Author Bill Littlefield is the retired host of Boston’s long-running public radio show about sports, “It’s Only a Game.” I haven’t read any of his previously published books (some written for children), but I was intrigued when I saw the offer of a pre-pub copy on LibraryThing. Both because of the Massachusetts setting, and because it WASN’T about sports. Mercy is the author’s third novel.
Read an excerpt of Mercy and listen to a conversation with author Bill Littlefield and WBUR’s Here & Now host Robin Young here:
https://www.wbur.org/hereandnow/2022/08/03/mercy-bill-littlefield
Mercy is made up almost entirely of snippets of conversations – between spouses, neighbors, friends, and a pair of Boston gangsters – and unspoken thoughts, mostly musing reflections, sparked by events or something someone else says. The sparse chapters (more like vignettes) may take a little getting used to, especially for readers who like straightforward narratives. But have patience, gentle reader! Connections gradually emerge and the story – or, rather, multiple stories – comes together.
Mercy opens with a first-person narrator, Jack, a neighborhood family man, prone to introspection, and we might think “Ah, this is the author speaking through this character.” But the novel quickly and frequently shifts into other voices and perspective, giving glimpses into the lives and thoughts of other characters. One whole chapter is given to a little girl in the neighborhood named Libby, who gazes out from her upstairs bedroom window, very early on a summer morning, like a god or omniscient narrator.

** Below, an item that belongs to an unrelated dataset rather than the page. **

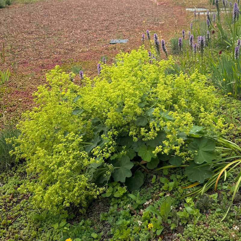 Vrouwenmantel (Alchemilla mollis) is een fijne bodembedekker. De plant wordt niet hoog, het blad blijft zo'n 15cm hoog en de bloemen steken daar in mei en juni tot zo'n 30cm bovenuit. Vrouwenmantel groeit in compacte bollen met lekker veel blad. Het blad is viltachtige grijs-groen, druppels blijven er prachtig op parelen.

Although how the various characters are connected to each other is obscure at first, they all have some connection to notorious crime boss Arthur Baladino, a Whitey Bulger-like gangster. Mercy is set in the suburban, middle-class neighborhood where Baladino, nearing death, has been released from a life sentence and allowed to come home to die. Neighbors and local journalists may wonder why a violent criminal like Baladino – a mobster not known for showing mercy to his victims – was granted the mercy of dying at home instead of remaining locked behind bars, but it remains speculation. No one knows for sure.